Tong Zhaohui, a respiratory critical care expert and director of the Beijing Institute of Respiratory Disease, was quoted as saying in media reports on Monday that the Omicron strain causes much lower rates of severe cases and deaths compared with wild types and strains of concern. Compared with the 2009 global flu season, the current severe case ratio amid COVID-19 is relatively lower.

Some Western media have been hyping China’s COVID-19 adjustment, pointing to grave consequences such as waves of infections and deaths. For example, the New York Times said researchers worry that “China may struggle to reopen the country and relieve the strain on its economy without risking a tide of deaths.” 

“It’s very unlikely that it will cause a large scale of severe cases and deaths like some Western media hyped, as the virus now leads to very low levels of severity and death,” Jin Dongyan, a virologist and professor at the School of Biomedical Sciences at the University of Hong Kong, told the Global Times on Monday. 

But Jin also warned that if medical resources are heavily strained or allocated in inappropriate ways, the poor management could lead to surging deaths. Therefore, China needs to be well prepared in allocating resources. 

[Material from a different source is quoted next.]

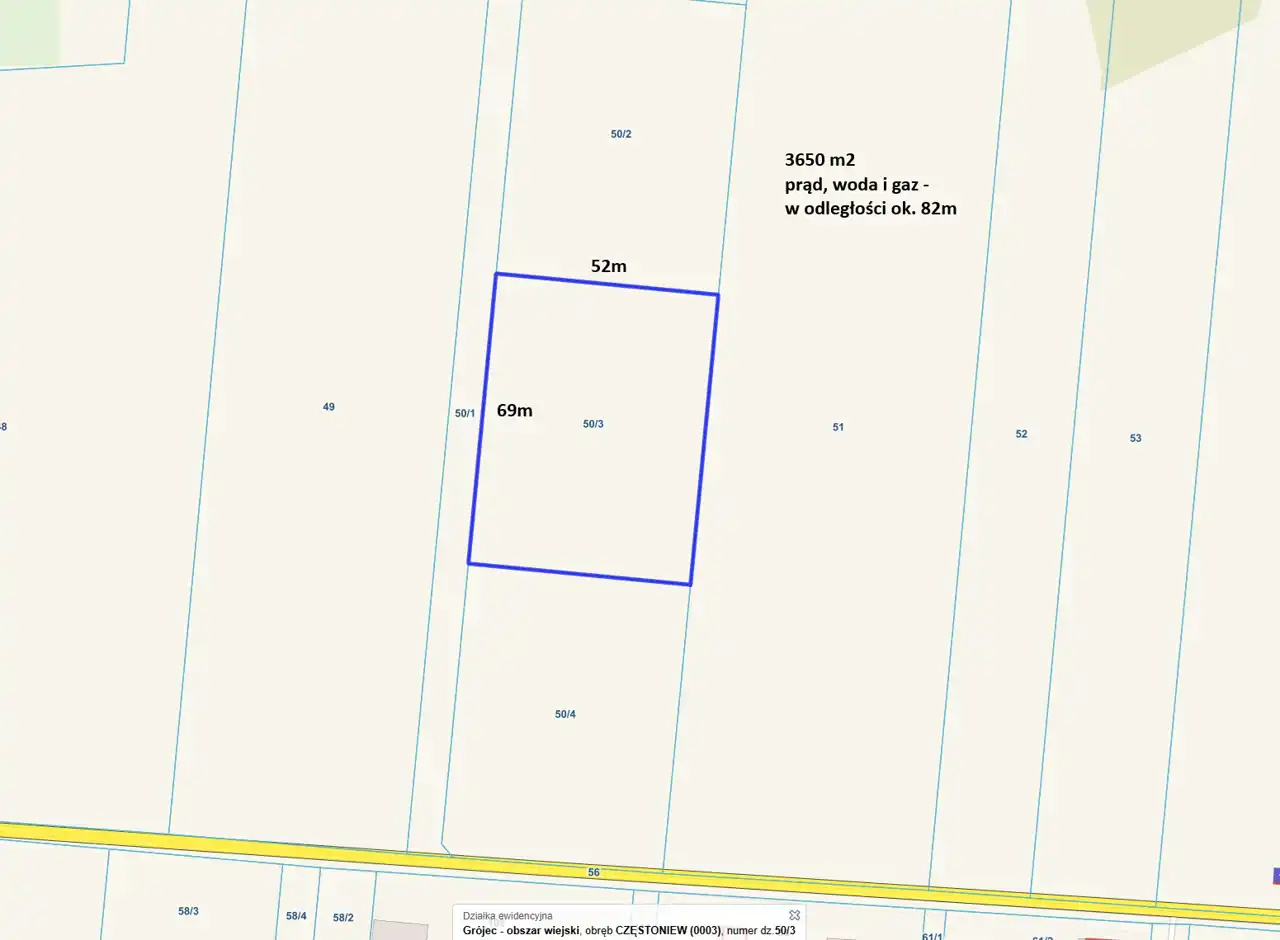 - Media Woda: w ulicy; Kanalizacja: brak; Prąd: w ulicy; Gaz: w ulicy

Accelerating vaccination among the elderly group is the top priority, Jin said. 

Some places have begun issuing notices to improve the medical resources management for COVID-19 patients. On Sunday, cities in Zhejiang made plans for different levels of medical consultation to make sure that those in critical or severe condition would be treated in ICUs. 

Compared with the strict measures in dealing with infectious diseases that have been implemented since the beginning of 2020, the current adjustment also reflected the characteristics of Class B management, domestic financial new site reported on Sunday, citing some experts. They also called for downgrading the management of the COVID-19 epidemic from Class A to B as conditions are becoming mature. 

COVID-19 was categorized as a Class B infectious disease but regulated as a Class A infectious disease in early 2020. Plague and cholera are classified under Class A while infectious SARS and AIDS are under Class B. 

The reason why COVID-19 was initially categorized as a “Class B infectious disease and Class A management” was mainly due to the fact that the virus was aggressive in the early stage, and it spread quickly with a relatively high fatality rate, an expert close to the Chinese Center for Disease Control and Prevention who preferred not to be named told the Global Times. 

“We lacked understanding about it at the early stage. But following the effective, timely and correct epidemic control measures, the current variants have been moving in the direction of high transmissibility but a low fatality rate. It is believed that the country will adjust the category of infectious disease management at an appropriate time,” the expert said.